*** EXERCISE DATA ***
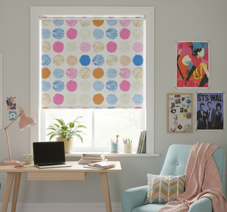 Referentienummer: E7502Rolgordijn tienerkamer gekleurde stippenpatroon
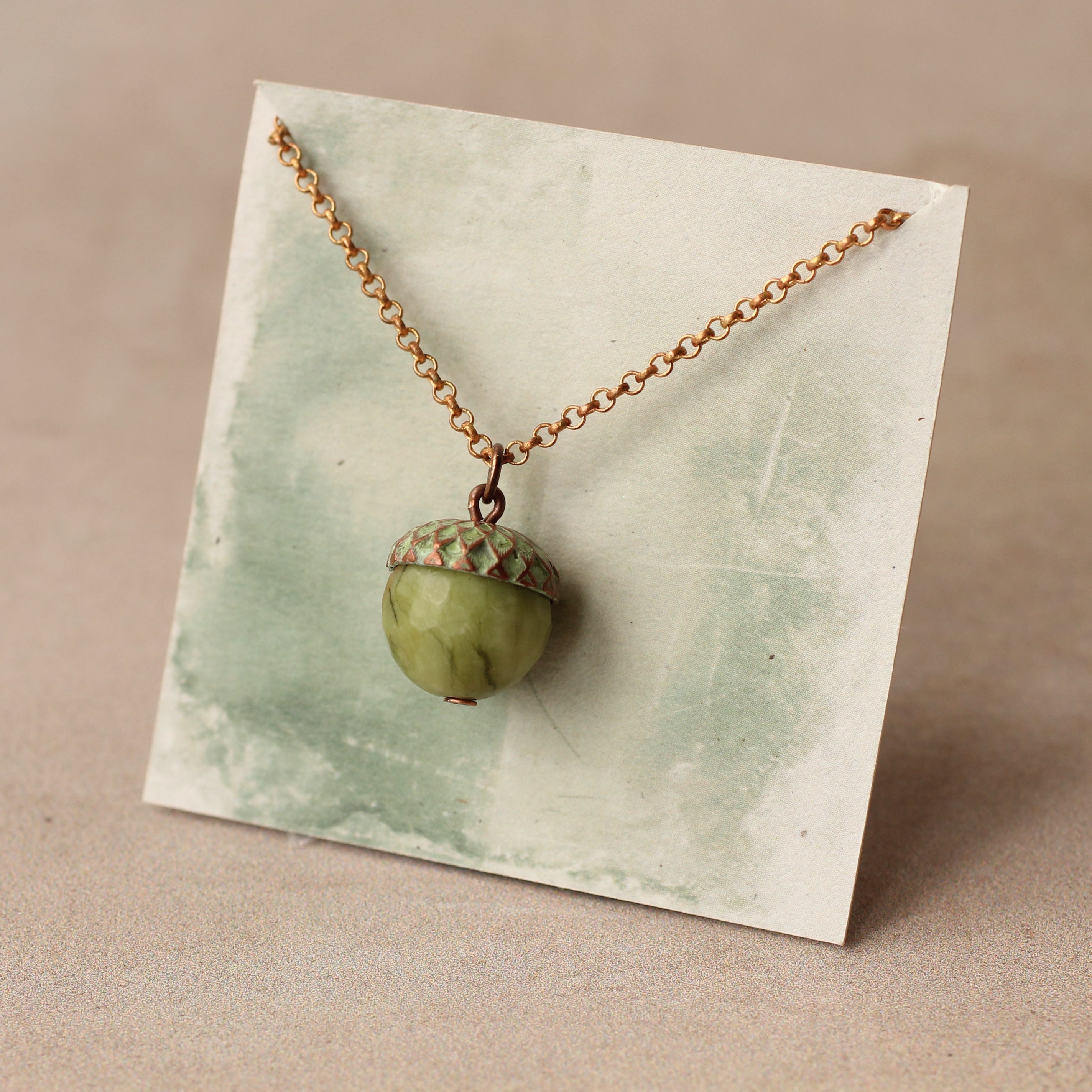 The tones of the tarnished red copper with the warm olive green of the gemstone look great together. We have added co-ordinating ear wires in antique copper which match the darkened red of the acorn perfectly.
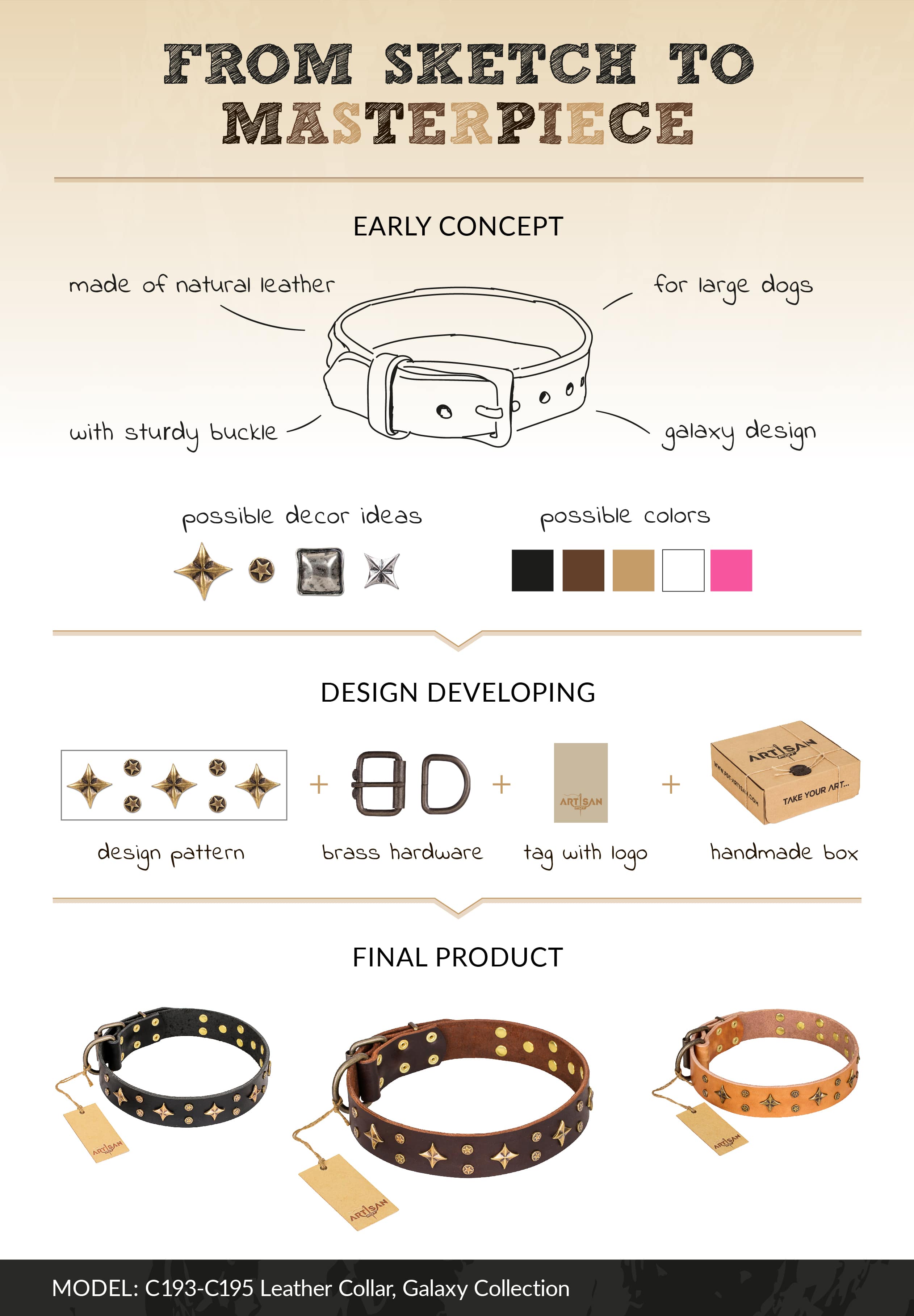 Do you buy your clothes at the leading designers? Feel lack of style in your dog's outfit? Choose then this exquisitely beautiful handcrafted accessory and apparel for your pet now! This wonderful leather collar was created with the compliance of a tradition of excellence in quality, design and craftsmanship.
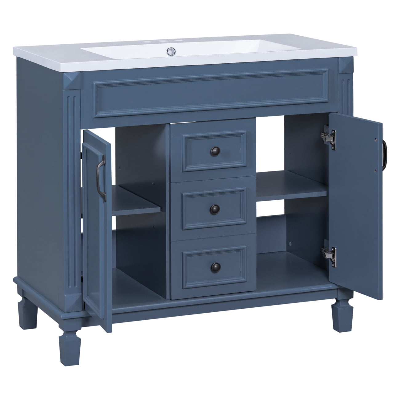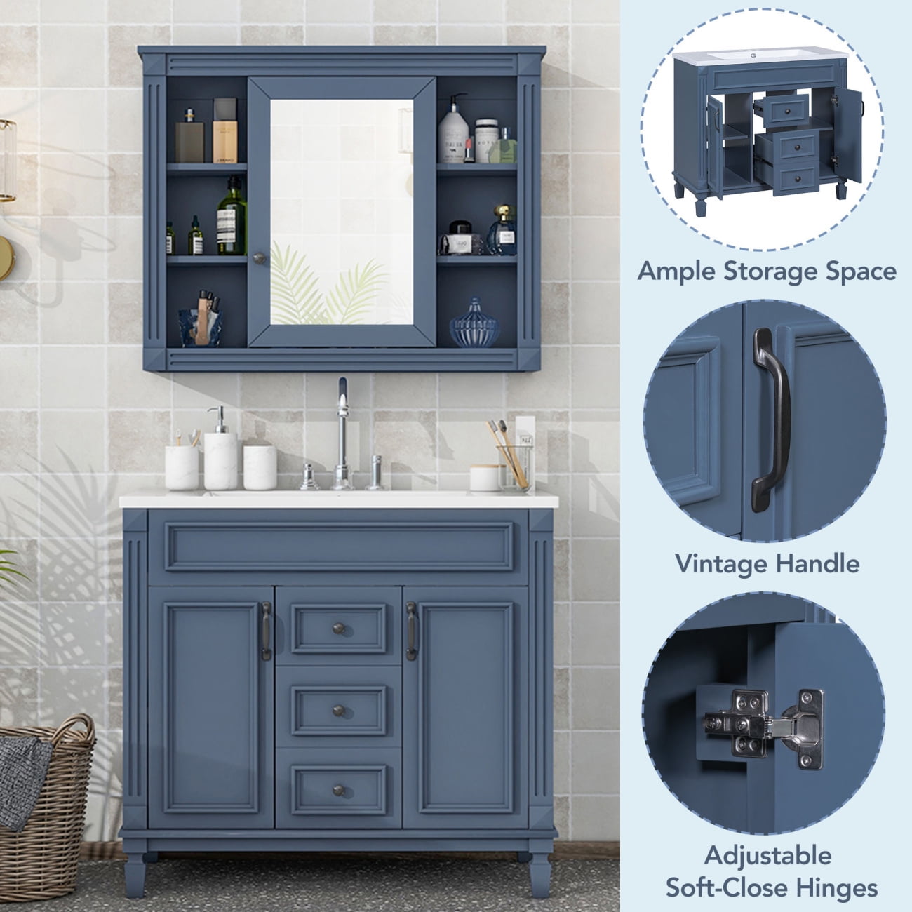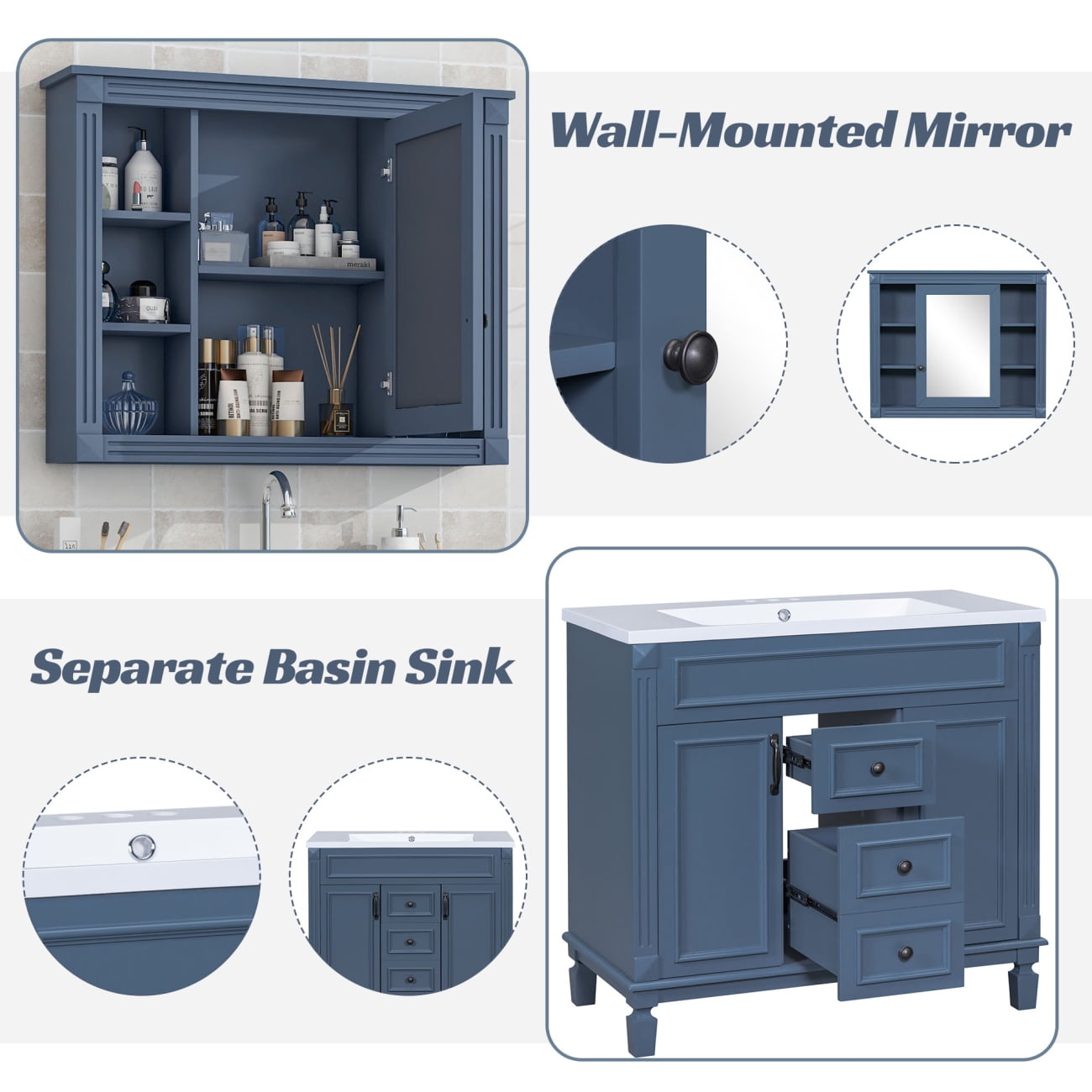 • [Multi-Purpose Cabinet & Concealed Storage] – Our bathroom vanity provide ample space for all your toiletries and bathroom essentials. The combination of the cabinet body and the drawer perfectly stores all kinds of bathroom products and keeps the necessities away from water stains and dust. Soft-close doors and drawer fronts feature a water-resistant paint finish for durability.
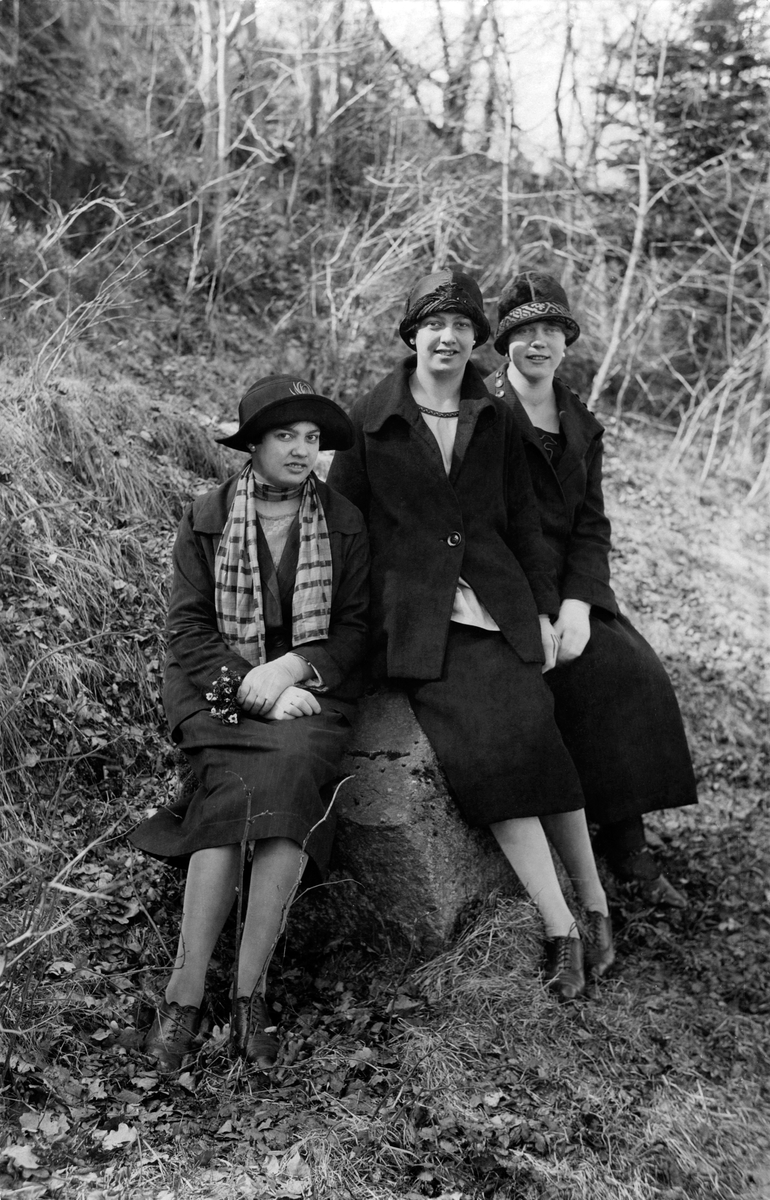 Porträtt av tre unga kvinnor i en skogsbacke.
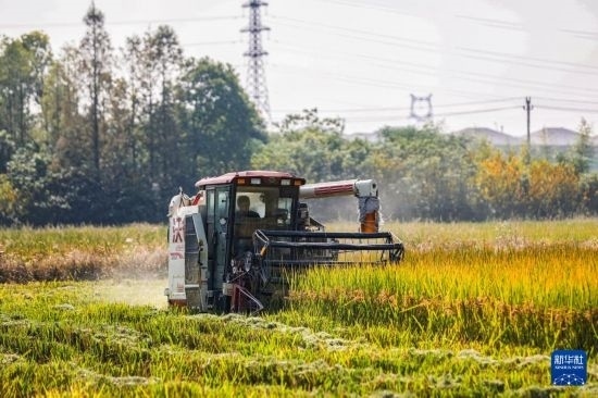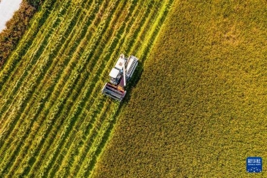 近日,浙江省湖州市吳興區(qū)東林鎮(zhèn)萬(wàn)畝稻田迎來(lái)豐收季,當(dāng)?shù)胤N糧戶搶抓農(nóng)時(shí),趁著天氣晴好搶收水稻,確保顆粒歸倉(cāng)。目前,東林鎮(zhèn)全鎮(zhèn)水稻種植面積20000余畝。
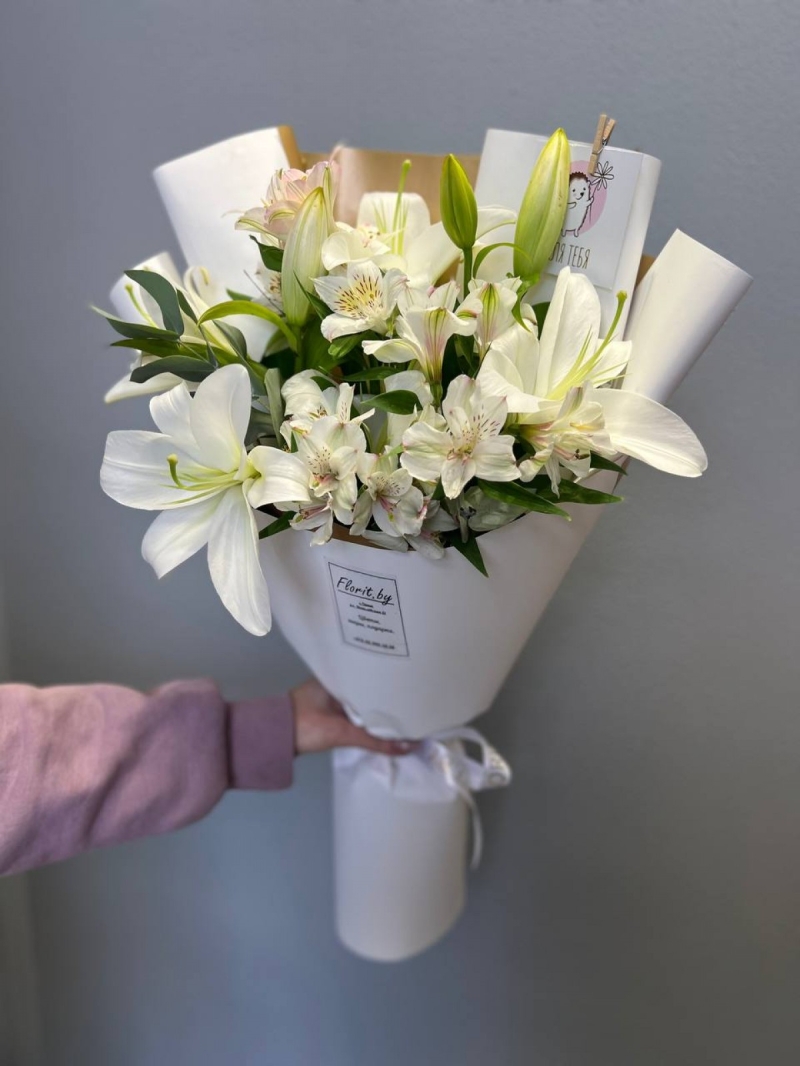 Состав: 3 Лилии , 4 альстромерия , упаковка, лента
*** End of EXERCISE DATA ***
Given the entries above, transcribe exactly the lines from the one holding "The tones of" through the one holding "Porträtt av tre"; pictures do not belong in the transcription.

YOUR SOLUTION →
 The tones of the tarnished red copper with the warm olive green of the gemstone look great together. We have added co-ordinating ear wires in antique copper which match the darkened red of the acorn perfectly.
 Do you buy your clothes at the leading designers? Feel lack of style in your dog's outfit? Choose then this exquisitely beautiful handcrafted accessory and apparel for your pet now! This wonderful leather collar was created with the compliance of a tradition of excellence in quality, design and craftsmanship.
 • [Multi-Purpose Cabinet & Concealed Storage] – Our bathroom vanity provide ample space for all your toiletries and bathroom essentials. The combination of the cabinet body and the drawer perfectly stores all kinds of bathroom products and keeps the necessities away from water stains and dust. Soft-close doors and drawer fronts feature a water-resistant paint finish for durability.
 Porträtt av tre unga kvinnor i en skogsbacke.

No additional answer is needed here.